Raster Inference – Bring Your Own Model

Wherobots Raster Inference supports running your own machine learning models on raster images in order to gather insights using the Machine Learning Model Extension Specification (MLM). MLM is the standard for discovering, sharing, and running machine learning models for geospatial data.

Generally, bringing your own model involves the following steps:

Saving your model checkpoint using Torchscript (through either scripting or tracing).
Choosing an S3 bucket to store your model.
Uploading your Torchscript model to your S3 bucket.
Filling out two MLM Specification forms (the Asset form and the MLM form) for your model.
Uploading the MLM JSON file to your S3 bucket.
Executing raster inference.
Analyzing your model inference results.

Capabilities

WherobotsAI Raster Inference currently supports:

The following computer vision tasks:
- Single-label scene classification
- Object detection
- Semantic segmentation
- Segment Anything 2 (text prompt to polygons)
Workloads with single input tensor and single output tensor
NVIDIA GPU acceleration
Pytorch export formats: Torchscript models, ExportedPrograms, and AOTInductor models

Job Runs

You can complete raster inference with WherobotsAI within a Job Run or as a Wherobots Notebook.

This example discusses how to complete raster inference within a Wherobots Notebook. To complete this as a Job Run, the code samples referenced in subsequent sections would go into a single Python file and then be executed as a Job Run. For more information on creating Job Runs in Wherobots, see WherobotsRunOperator.

Before You Start

Before attempting to use your own machine learning model in WherobotsAI Raster Inference, ensure that you have the following:

A Professional Edition Wherobots Organization.
- Log in to Wherobots Cloud to follow along in an interactive Wherobots notebook or complete these steps for your own model in a new notebook.
A PyTorch model file.
An Amazon S3 Bucket or a Wherobots Managed Storage for storing your MLM JSON file.

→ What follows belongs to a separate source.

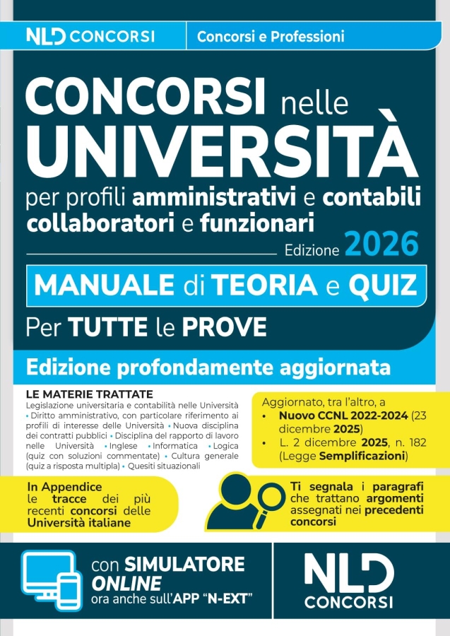 Il Manuale Concorsi nelle Università per profili amministrativi e contabili, Teoria e Quiz, NLD Concorsi, 2026 è stato pensato per assicurare, per ciascuna delle materie normalmente assegnate negli ultimi concorsi, una trattazione completa, aggiornata e, al contempo, schematica e fluida delle seguenti materie: Legislazione e contabilità universitaria; Diritto amministrativo, con particolare riferimento ai profili di interesse delle Università; Nuova disciplina dei contratti pubblici; Disciplina del rapporto di lavoro nelle Università; Inglese; Informatica; Logica (quiz con soluzioni commentate); Cultura generale (quiz a risposta multipla); Quesiti situazionali. Tra i tantissimi aspetti esaminati sono stati minuziosamente approfonditi quelli più di frequente assegnati negli ultimi concorsi indetti dalle Università italiane. Tra i tanti: statuto e regolamenti delle Università (classificazione, iter di approvazione e controllo); strumenti di gestione della performance nelle Università; fasi di costruzione del budget, documenti e principi contabili; progetti di ricerca europei, Horizon Europe, PRIN, fonti di finanziamento delle Università e PNRR; procedure di accreditamento delle sedi e dei corsi e documentazione richiesta; diritto allo studio; organi universitari e strutture organizzative; professori, ricercatori, dottorati e personale; didattica, ricerca e assistenza; corsi di laurea, master e orientamento; fasi del procedimento amministrativo, informatizzazione, documentazione amministrativa, trasparenza e accesso, anticorruzione e privacy nelle Università, amministrazione digitale algoritmica, semplificazione e liberalizzazione. Il Volume, inoltre, è profondamente aggiornato alle più recenti novità legislative, tra cui la L. 7 gennaio 2026, n. 1 (Responsabilità erariale), il nuovo CCNL 2022-2024 sottoscritto il 23 dicembre 2025, la L. 2 dicembre 2025, n. 182 (L. Semplificazioni), la L. 10 novembre 2025, n. 167 (Legislazione universitaria). Il Manuale: contiene in Appendice una raccolta delle tracce assegnate nei più recenti concorsi indetti dalle Università italiane; segnala, inoltre, paragrafo per paragrafo, gli argomenti già oggetto di prove assegnate in precedenti concorsi banditi dalle Università. All'illustrazione della disciplina seguono batterie di quiz, utili per saggiare la preparazione e simulare la prova. Il Manuale consente infine l'accesso ad un simulatore online, consultabile con apposita password presente nel volume, per continuare ad esercitarsi in attesa della prova concorsuale.

Save and Upload Your Model

Save your model checkpoint using Torchscript. For more information, see Saving and Loading Models in the PyTorch documentation.

The following Torchscript model checkpoint saving methods are supported:

Artifact Type	Description
`torch.jit.script`	A model artifact obtained by `TorchScript`.
`torch.export.save`	A Pytorch model archive containing an artifact of type `AOTInductor` or `ExportedProgram`.

!!! note WherobotsAI Raster Inference currently only supports PyTorch models.

Store your model in an S3 bucket. This S3 bucket needs to be accessible to Wherobots Cloud. You can choose to store your model in one of two ways:
1. Directly in Wherobots Managed Storage. For more information, see Wherobots storage and notebook guidance.
2. Integrate your existing Amazon S3 storage with Wherobots. For more information on integrating a public or private S3 bucket with Wherobots Cloud see, S3 storage integration.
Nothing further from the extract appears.